Jack M. Sasson
Mary Jane Werthan Professor Emeritus of Jewish Studies and Hebrew Bible and Professor of Classics
Professor Sasson retired from the University of North Carolina (Chapel Hill) as its William R. Kenan Jr. Professor of Religious Studies and came to Vanderbilt where he was quickly enlisted to become the founding Director of Vanderbilt’s Program in Jewish Studies. His specialty is the Hebrew Bible and the cultures of the ancient Near East. He is currently president of the International Association for Assyriology and a past president of the American Oriental Society (1996) and of the Society of Biblical Literature (SE branch, 1986). He has belonged to the editorial board of a number of journals and series, among them Biblical Archaeologist, Mesopotamian Studies, Mari: Annales de recherches interdisciplinaires, Shofar, Estudios de Asia y Africa, as well as major reference tools such as The Anchor Bible Dictionary. He has edited the “Bible and Ancient Near East” pages of the Journal of the American Oriental Society (1976-1984, 1996-1999) and was the chief editor of Scribner’s awards-winning Civilizations of the Ancient Near East, a 4-volume reference set that appeared in 1995. He has lectured widely, including recently as a Visiting Professor at the Sorbonne and also in China, Venice, Israel and the United States. Sasson’s scholarly efforts have clustered around two disciplines: Assyriology, specializing on the archives found at the Middle-Euphrates town of Mari; and Hebrew Scripture.
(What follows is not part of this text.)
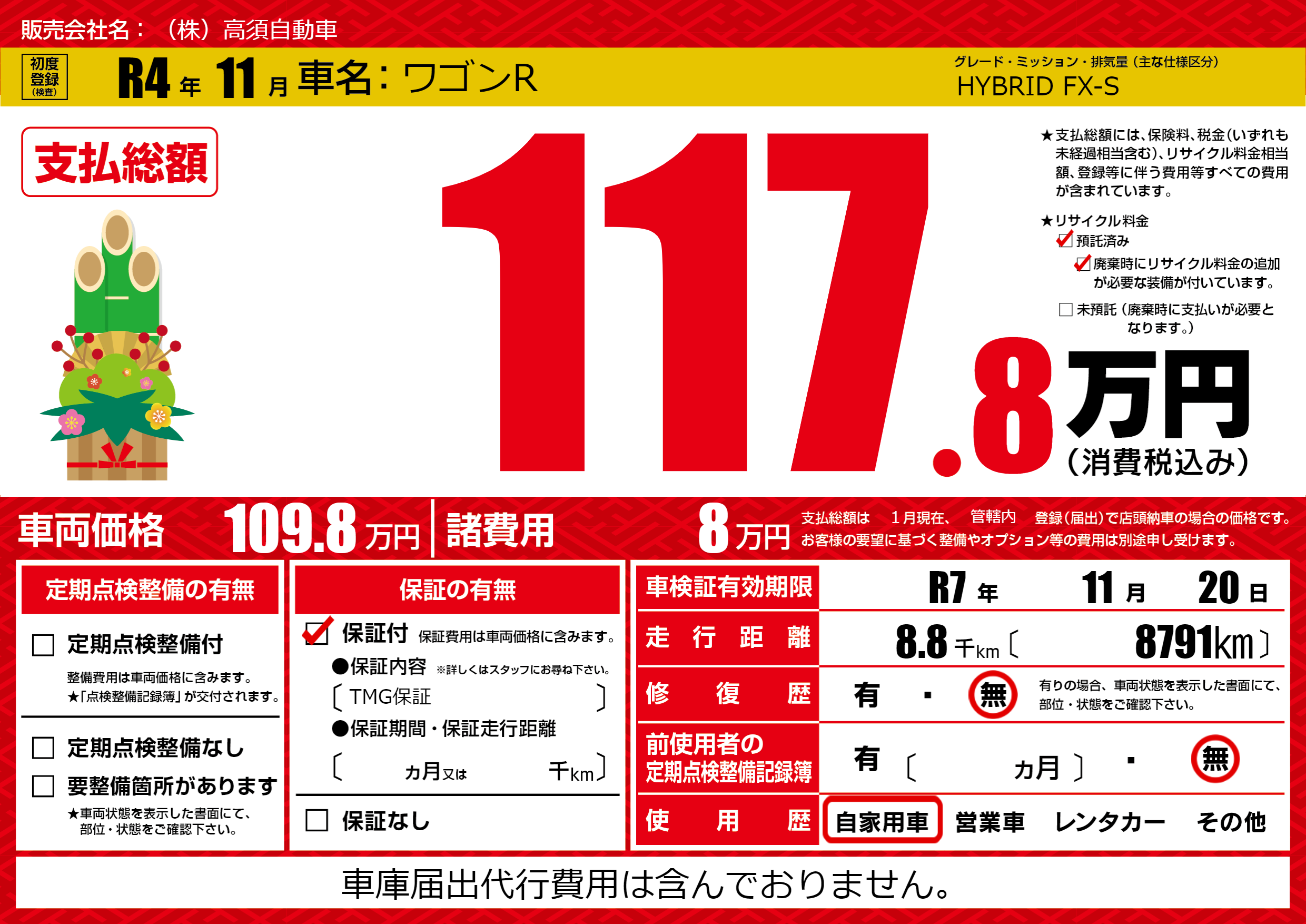 | 車名 | ワゴンR | グレード ミッション 排気量 |
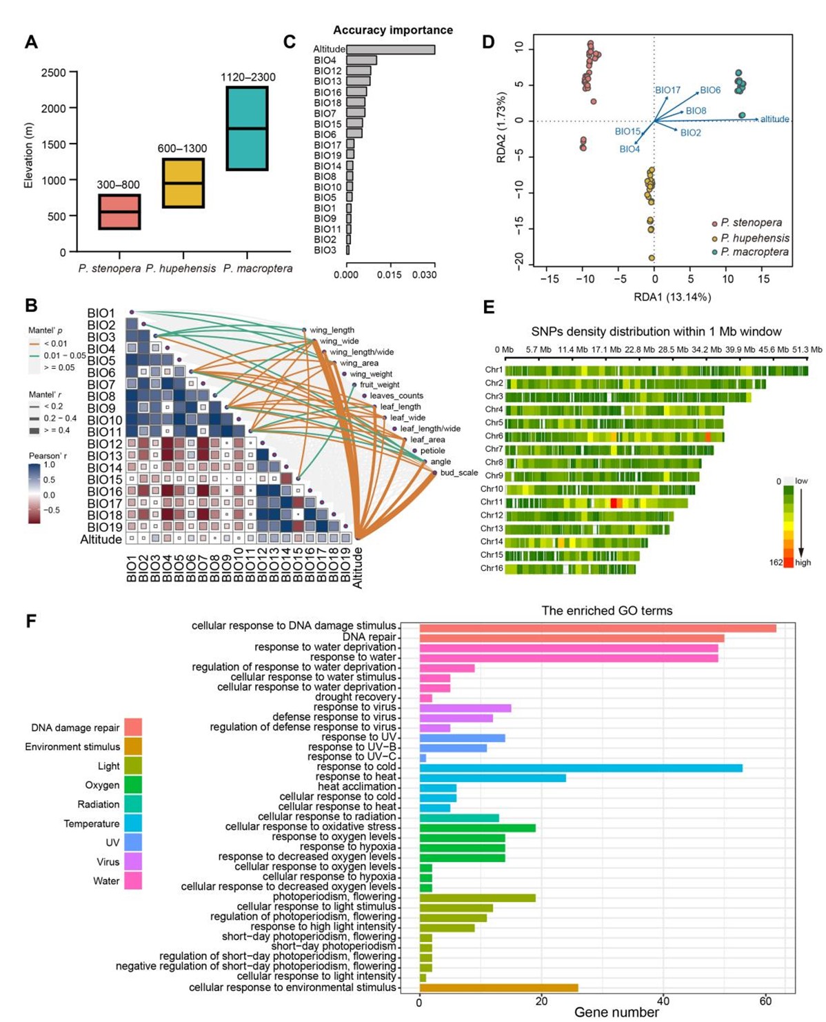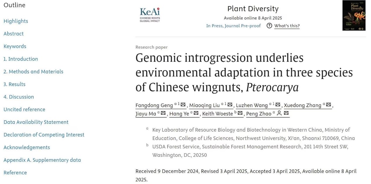 近日,十大外围足球平台app赵鹏教授团队在植物科学领域期刊Plant Diversity (中科院一区Top)在线发表了题为“Genomic introgression underlies environmental adaptation in three species of Chinese wingnuts, Pterocarya”的研究论文,探究了第三纪孑遗木本植物枫杨及其近缘种在秦巴山区的环境适应性,揭示了基因渐渗在不同海拔分布物种环境适应性中的重要作用以及杂交渐渗在基因组上的特征足迹。

He has published commentaries on Ruth (1979, now also in a second edition) and the Anchor Bible’s Jonah (1989).
His teaching interests include Biblical Hebrew, Akkadian, Hebrew Bible, Assyrian culture and its impact on ancient Judaism, Jewish Messianism, Wisdom Literature of the Hebrew Bible and the Ancient Near East, and Literature of the Ancient Near East.
Prof. Sasson retired from Vanderbilt in 2015.